BM Güvenlik Konseyi Kararları Çerçevesinde Mali Krizi
Künye
DEMİREL, Naim. "BM Güvenlik Konseyi Kararları Çerçevesinde Mali Krizi." FSM İlmî Araştırmalar İnsan ve Toplum Bilimleri Dergisi, 11 (2018): 29-54.Özet
Birleşmiş Milletler kuruluşundan bu yana özellikle 90’lı yıllardan sonra aktif olarak
uluslararasası barış ve güveniği koruma kapsamında etkin kararlar almaya başladı. Özellikle
Yugoslavya kriziyle birlikte uluslararası toplumda uluslararası barış için bir umut
doğdu. Artık soğuk savaş sona ermiş her iki bloğa ait devletler bir araya gelerek uluslararası
barış için birlikte karar alabilir duruma gelmiştir. Hatta BM Güvenlik Konseyi
uygulamalarında uluslararası ilişkilerde esaslı bir kural olan “iç işlerine karışma yasağı”

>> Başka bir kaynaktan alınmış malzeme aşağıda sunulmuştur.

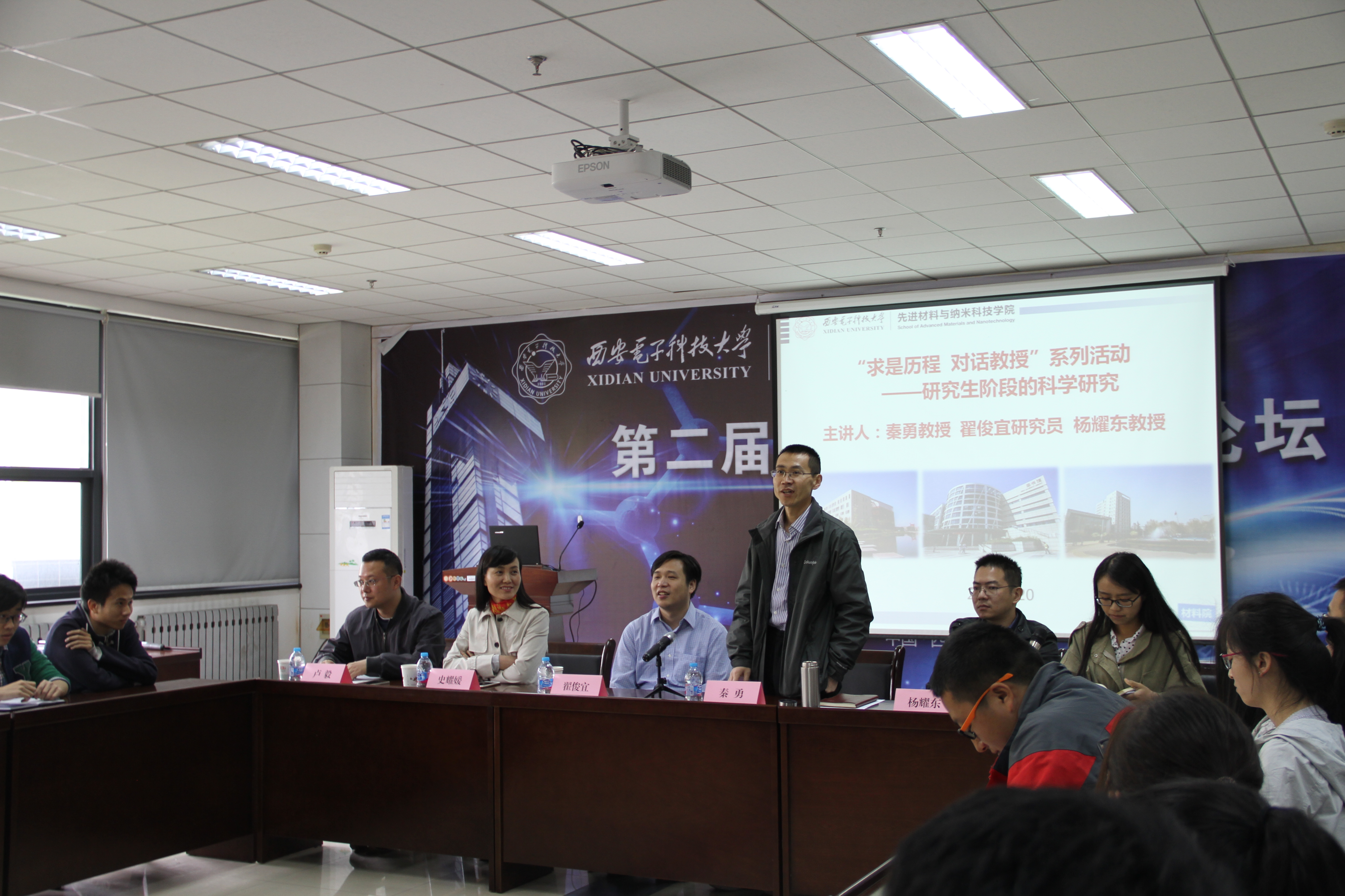 北京纳米能源与系统研究所翟俊宜研究员、西安交通大学杨耀东教授、研工部副部长史耀媛和研工部教管办科长卢毅与30余位研究生围绕“研究生阶段的科学研究”这一主题进行了面对面的交流。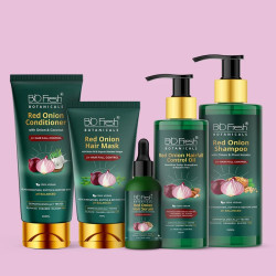 BIOFRESHBOTANICALS complete RED ONION HAIRFALL CONTROL RANGE is a rescue from weakening ,hair thinning ,frizziness,and excessive hair fall in this monsoon season.With its best kept nature secret 100% natural red onion extract and plant keratin that revives dull and frizzy hair and restores optimal hair nourishment. Follow a weekly routine by massaging red onion hair oil prior 1hour before shampooing ,apply hair mask and wrap a hot towel leave it for 10 to 15mins then wash followed by anti hairfall hair serum genly massaged in the roots after semi drying hair.This powerpack is a complete hairgrowth and anti hairfall treatment specially for monsoon season.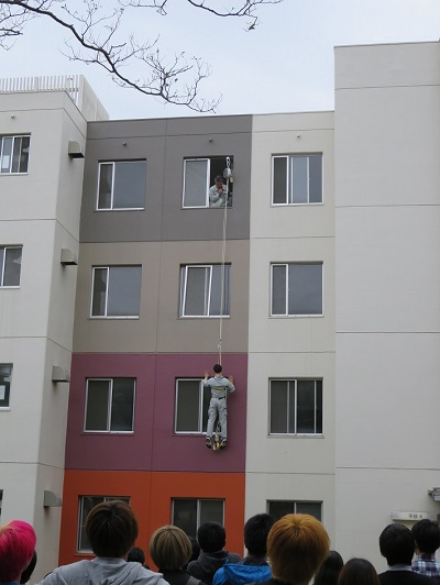 5月17日,平砂学生宿舎共用棟前で学生宿舎初期消火訓練を実施し,留学生を含む多くの入居者が参加しました。訓練では,つくば市中央消防署の指導による消火器を使用した初期消火訓練,設備メーカによる避難ハシゴ・緩降機の使用方法の説明,避難実演が行われました。

(BM Sözleşmesi’nin 2/7. md) sebebiyle devletler arasında çatışma yokluğuna dayanan
barışın “negatif barış” olarak anlaşılmasından yanında, bir devletin içinde de barış içinde
birlikte yaşamayı ifade eden “pozitif barış” anlamıyla da uygulanması düşüncesi doğmaya
başladı. Fakat bu umut uzun sürmedi. Rusya’nın kısa sürede kendini toparlamasıyla
birlikte yine uluslararası toplumda çıkarlara dayalı kararlar alınmaya başlandı. Mali krizi
bu alanda alınan son ortak kararlardan birisidir. Bu çalışmada Mali krizi çerçevesinde
BM Güvenlik Konseyinin uluslararası barışın negatif anlamının yanında positif anlamı
da kararında esas almış mıdır, sorusunun cevabı aranmaktadır. The United Nations (UN) has adopted effective resolutions since its foundation, particularly
during 1990’s, for the sake of promotion and protection of global peace and
security. Especially following the UN’s firm stance for the Yugoslavia crisis, the hopes
for global peace have remarkably raised. The Cold Was had come to the end and the
states from the opposite alliance blocks of the Cold War were enabled to make decisions
altogether in order to protect global peace. In the UN Security Council’s practice, even
the idea that the concept of “positive peace,” which regards the internal peace of states as
a matter to be addressed by international community, could substitute the concept of “negative
peace,” which implies the peace situation only among states and does not regard
internal peace of states because of the main principle of non-intervention enacted in Article
2/7 of the UN Charter.Nevertheless, these hopes could not last long. As Russia could
gather its strength after a short while, the decision-making mechanism of the international
community became solely interest-based once again. In this article, the author is trying to
examine the question whether the UN Security Council has endorsed the concept of “positive
peace” or “negative peace” while its approach to Mali case, which is a remarkable
international crisis occurred in 2000’s.